> **Aim of the exercise**: Pictures are to be left out, and only the lines from the one containing "These aren’t just" through the last line of the data are to be returned exactly.

> **Data below**:
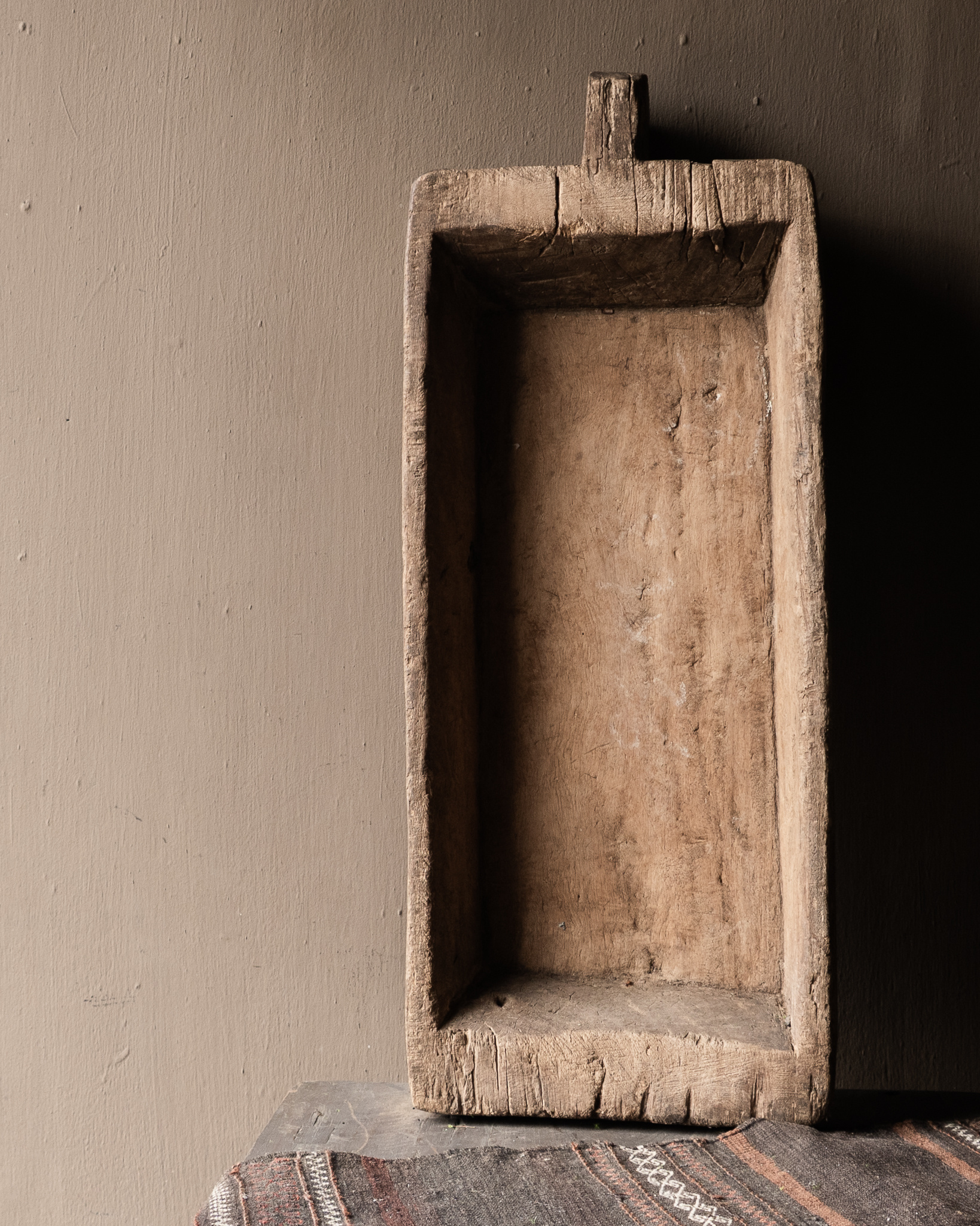 Der rechteckige Trog mit Griff wirkt besonders handwerklich und authentisch. Dank der stabilen Wände und des massiven Holzes liegt er schwer und solide in der Hand. Jedes Stück ist ein Unikat; kein Trog gleicht dem anderen.
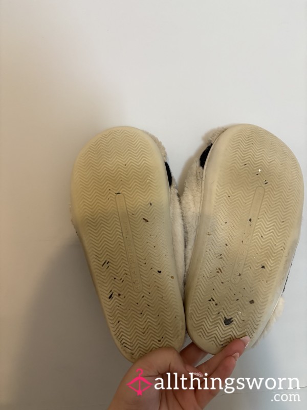 These aren’t just any slides, babe. These are my personal, every-single-day-worn, Ugg fluffy sandals from last summer –...
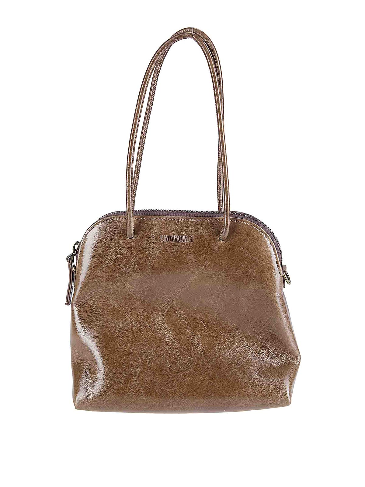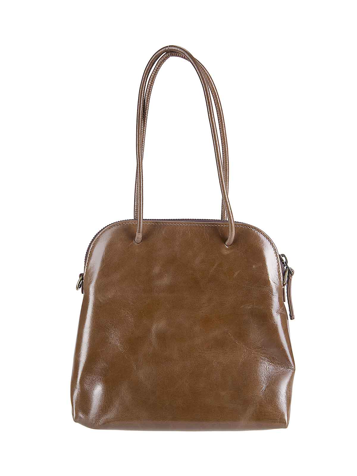 Shiny leather bag with handles, small size, zip closure, removable shoulder strap.
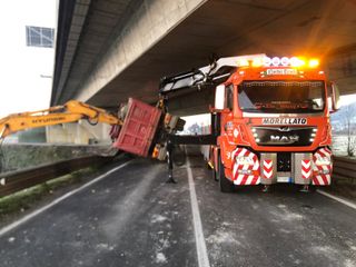 Si solleva il ribaltabile, camion si cappotta sulla Statale 231 dopo il ponte di Govone [FOTO]

> **Reply**:
 These aren’t just any slides, babe. These are my personal, every-single-day-worn, Ugg fluffy sandals from last summer –...
 Shiny leather bag with handles, small size, zip closure, removable shoulder strap.
 Si solleva il ribaltabile, camion si cappotta sulla Statale 231 dopo il ponte di Govone [FOTO]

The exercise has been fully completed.